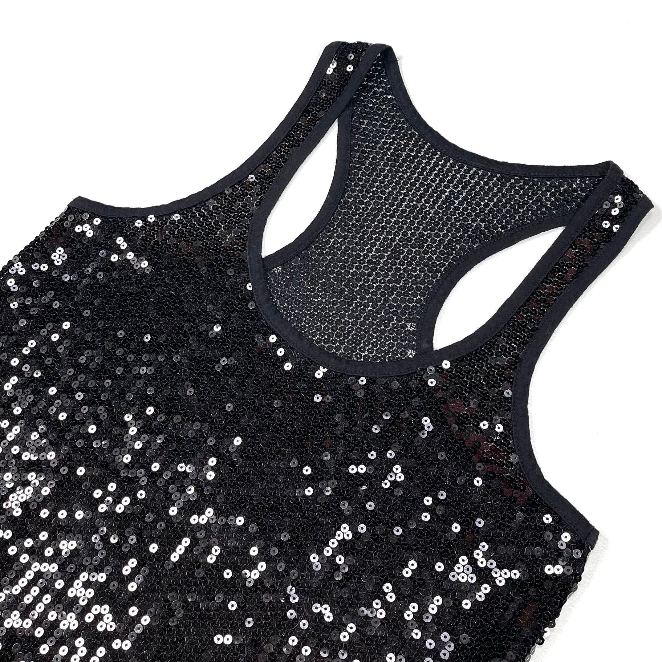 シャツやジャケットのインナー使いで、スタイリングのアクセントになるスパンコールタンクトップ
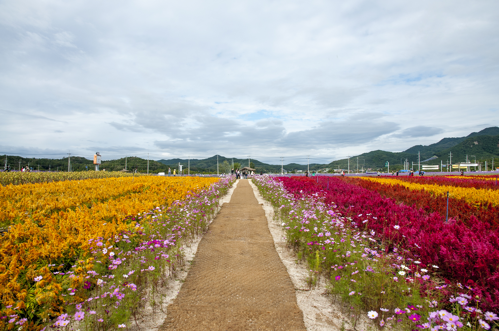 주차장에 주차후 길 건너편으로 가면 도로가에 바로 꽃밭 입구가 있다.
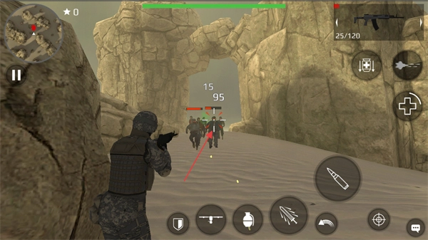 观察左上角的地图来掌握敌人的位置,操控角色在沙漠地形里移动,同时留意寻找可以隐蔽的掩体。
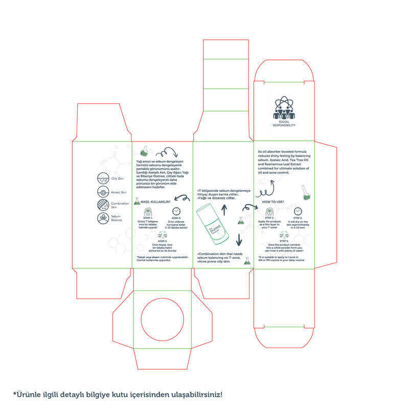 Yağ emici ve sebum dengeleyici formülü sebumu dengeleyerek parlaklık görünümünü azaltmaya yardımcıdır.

==

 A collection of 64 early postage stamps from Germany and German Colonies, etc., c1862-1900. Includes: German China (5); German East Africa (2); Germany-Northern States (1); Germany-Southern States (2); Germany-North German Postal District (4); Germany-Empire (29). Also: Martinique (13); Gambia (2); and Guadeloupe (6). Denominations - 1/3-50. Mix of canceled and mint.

--

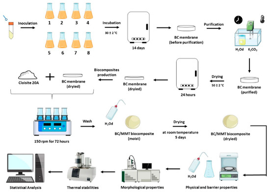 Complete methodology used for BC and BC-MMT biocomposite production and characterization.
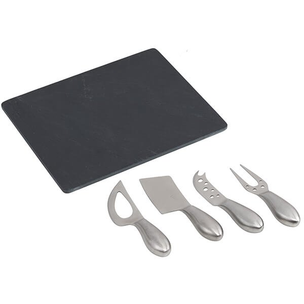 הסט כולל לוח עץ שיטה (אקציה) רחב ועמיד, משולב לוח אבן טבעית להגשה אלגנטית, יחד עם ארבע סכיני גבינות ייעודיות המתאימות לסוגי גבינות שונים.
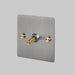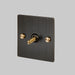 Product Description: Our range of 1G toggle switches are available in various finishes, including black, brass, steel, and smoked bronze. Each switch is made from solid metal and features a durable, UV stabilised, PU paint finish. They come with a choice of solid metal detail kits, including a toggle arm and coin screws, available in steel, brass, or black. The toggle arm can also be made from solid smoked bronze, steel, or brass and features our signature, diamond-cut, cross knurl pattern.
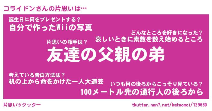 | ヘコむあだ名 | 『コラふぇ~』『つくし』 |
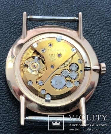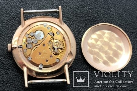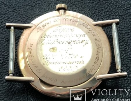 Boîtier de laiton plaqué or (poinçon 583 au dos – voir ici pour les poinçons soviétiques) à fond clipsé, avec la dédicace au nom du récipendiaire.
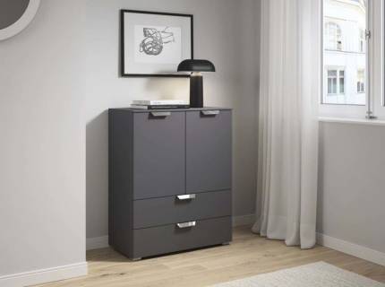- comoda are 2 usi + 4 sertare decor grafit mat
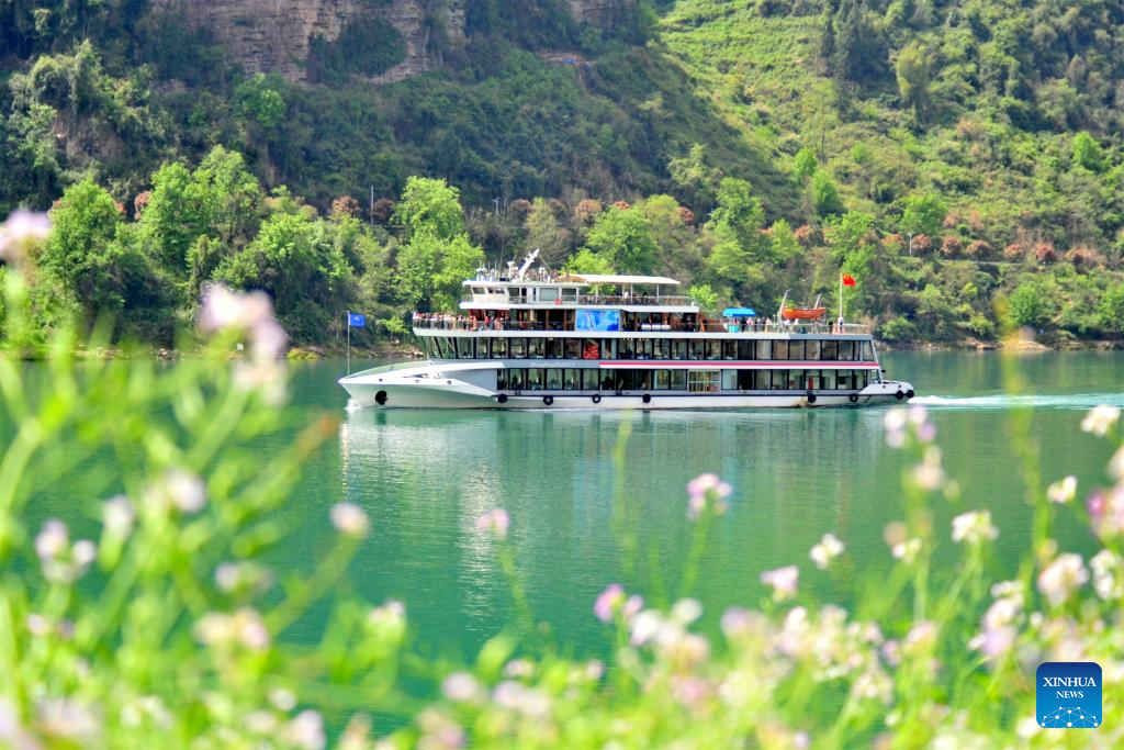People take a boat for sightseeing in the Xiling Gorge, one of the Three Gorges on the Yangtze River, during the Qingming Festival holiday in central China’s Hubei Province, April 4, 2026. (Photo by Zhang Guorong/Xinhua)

* _Assignment_
In the material above, one part opens with the line containing "주차장에 주차후 길 건너편으로 가면 도로가에 바로 꽃밭 입구가 있다." and closes with the line containing "Yağ emici ve". Write out that part exactly and skip its pictures.

* _Response_
 주차장에 주차후 길 건너편으로 가면 도로가에 바로 꽃밭 입구가 있다.
 观察左上角的地图来掌握敌人的位置,操控角色在沙漠地形里移动,同时留意寻找可以隐蔽的掩体。
 Yağ emici ve sebum dengeleyici formülü sebumu dengeleyerek parlaklık görünümünü azaltmaya yardımcıdır.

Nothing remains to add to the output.